Your second answer could be better phrased as, "well, we've all had the experience of working with people who don't pull their own weight, which can be a challenge to say the least, but that said, that kind of thing should be more the exception."

The conventional wisdom is that if you have five good group projects and one bad project, the problem is the group. If you have five bad projects and one good one, the problem is you. You don't want to tell them that you're the problem.




The 'conventional wisdom' you quote sounds valid in a professional environment. If your only experience of teamwork is with group projects in university then worrying that 'teamwork' equates to 'being saddled with a bunch of slackers' is entirely reasonable.

I think their answer was a very honest answer, which was a classic rookie mistake (although totally excusable since it was their first 'real' job interview). After being round the block a couple of times, we learn to add some spin to the answer, the way you did, and the interviewer sees that we can play the game, and we get hired.


Yup, classic rookie mistake. My revised answer is still honest.
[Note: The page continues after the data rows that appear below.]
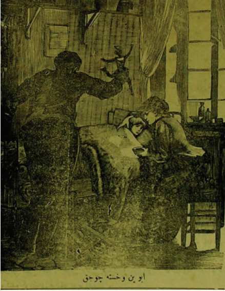
Resim 5: Hasta çocuklarıyla ilgilenen bir aile.

Defteri adlı dergi, sözü edilen yılda dönemin çocuklarına oynadıkları millî oyun ve oyuncaklarımızı sorup gelen cevapları yayınlıyarak bugüne çok değerli bilgiler bırakmıştır. Çocukların oynadığı oyunlar listesinden oyun nesnesi ve oyuncaklar ayrımını yapmak, her bir oyunun nasıl oynandığını bilmek pek kolay değildir. Ayrıca millî oyuncaklarımız başlığı altında verilen bazı oyuncaklar, oyunlar listesinde de görülmektedir. Bir fikir olması açısından uzun oyun listesi içerisinde oyuncak veya oyun nesnesi olarak değerlendirilebilecek olanlar şunlardır: ip atlama, uçurtma, aşık, beş taş, bebek, tahterevallı, ceviz, çelik çomak, çember çevirme, topaç, top, fincan, yüzük, kaydırak, kukla, kızak. Gelen cevaplara göre çocukların oynadığı millî oyuncaklar şunlardır: ok- aşık kemiği, uçurtma, bal mumu ördek, cirit, çelik çomak, çember, dürlüce (ağaç dalından düdüük), davul, def, zurna, sapan, topaç, tabanca, zıpzıp, kalkan, kaniş?, kırbaç, kızak, kargı, kaval, kement, güz, mızrak . Eyüp oyuncaklarından da beşik, kursaklı düdüük, hacıyatmaz, kocakarı zırlıtısı, aynalı testi ve çocuk arabasıyla oynadıkları görülmektedir 70 .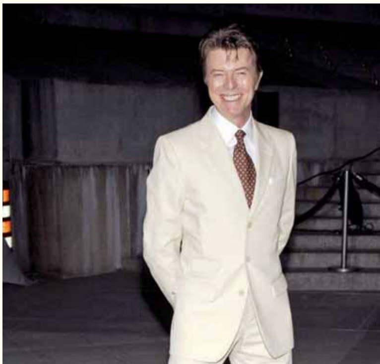
Slika Davida Bowiea iz 2007. godine koja pokazuje njegov novi osmijeh

„...ideja za skulpturu rodila se iz nostalgичne čežnje za Bowievim starim zubima.“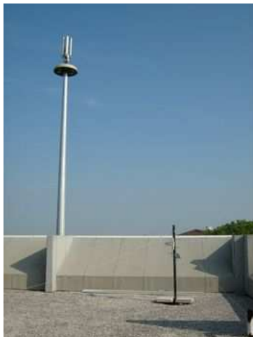
Foto del punto di misura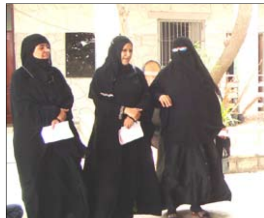
إدارة المخيم الصيفي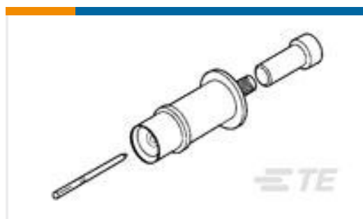
TE 产品编号225792-5 ARINC SIZE 3 SOCKET

I do enjoy working with other people. Also, I need to work with other people to improve my skills. But I am also comfortable going off on my own for a while and working on something. My current job (flight test instrumentation) is an even mixture of both solo work and team work. The older, more experienced me knows now that I need both types of work.


You're absolutely right on all of this. Your comment summarizes what I learned after this experience. I was much younger then, and didn't understand that last point in particular. Was I stuck in groups where we had outright slugs? Of course I was, and that happens in a non-professional environment like school. There were some things I could have done then that I understand now. I did everything I knew to do at the time.


Yeah. In retrospect, I said much worse things in my interviews after college. Part of it is lack of experience like you say, but I think a lot of it is also the amount of stress you're going through at that time of your life. I find all my negative traits come out front and center when I'm under lots of stress, which ironically means the worse things are going at my current job, the harder it is to get a better one.